Joseph spent the night at a water hole where several camels and a small company of travelers were camped. Since there were two women among them, he contented himself with a gesture of greeting and avoided falling into talk. After he had eaten a few dates at sunset, prayed, and lain down to rest, he overheard the conversation between two men, one old and one somewhat younger, for they were lying close by him. It was only a fragment of their talk that he could hear; the rest was lost in whispers. But even this small passage stirred his interest. It gave him matter for thought through half the night.

“All right,” he heard the old man’s voice saying. “It’s fine that you want to go to a pious man and make your confession. These people understand many things, let me tell you. They know a thing or two, and some of them are skilled in magic. When they just call out a word to a springing lion, the beast crouches, tucks his tail between his legs, and slinks away.
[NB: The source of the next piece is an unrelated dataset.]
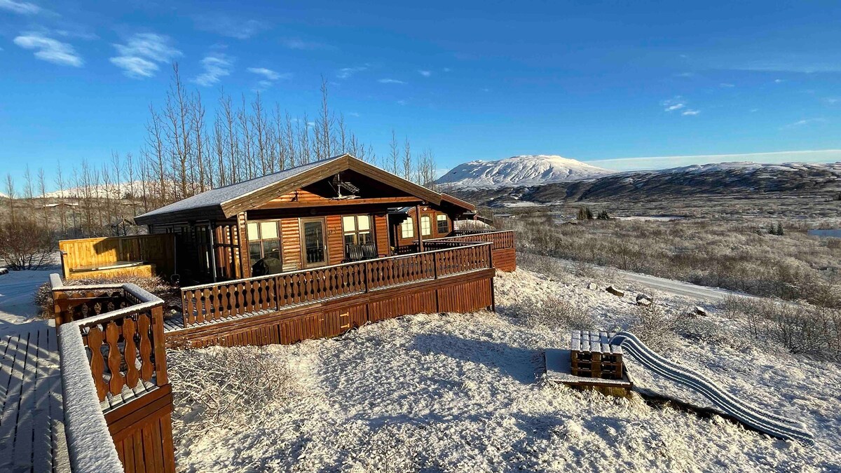 Chalet très confortable avec une vue magnifique sur le sud de l'Islande (Hekla et Eyjafjallajökull.) Entièrement meublé, 60 m2, deux chambres, cuisine, séjour et salle de bains. Convient pour 4 personnes. Belle terrasse et jacuzzi. Route goudronnée de 100 km depuis Reykjavik. À 10 km de Geysir (partie du Cercle d'or). Très proche du restaurant/réception Réttin et d'un terrain de golf pendant l'été. Wi-Fi gratuit.

They can tame lions, I tell you. One of them was so holy that his tame lions actually dug him his grave when he died, neatly scraped the earth into a mound over him, and for a long time two of them kept watch over the grave day and night. And it isn’t only lions they can tame, these people. One of them gave a Roman centurion a piece of his mind. That was a cruel bastard, that soldier, and the worst whoreson in all Ascalon. But the hermit so kneaded his wicked heart that the man stole away frightened as a mouse and looked for a hole to hide in. Afterward he was almost unrecognizable, he’d become so quiet and meek. On the other hand, the man died soon afterward — that’s something to think about.”

“The holy man?”

“Oh no, the centurion. His name was Varro. After the holy man gave him such a jolt, he went to pieces fast — had the fever twice and was a dead man three months later. Oh well, no great loss. But still, I’ve often thought the hermit didn’t just drive the devil out of him. He probably said a little spell that put the man six feet under.”

“Such a pious man? I can’t believe that.”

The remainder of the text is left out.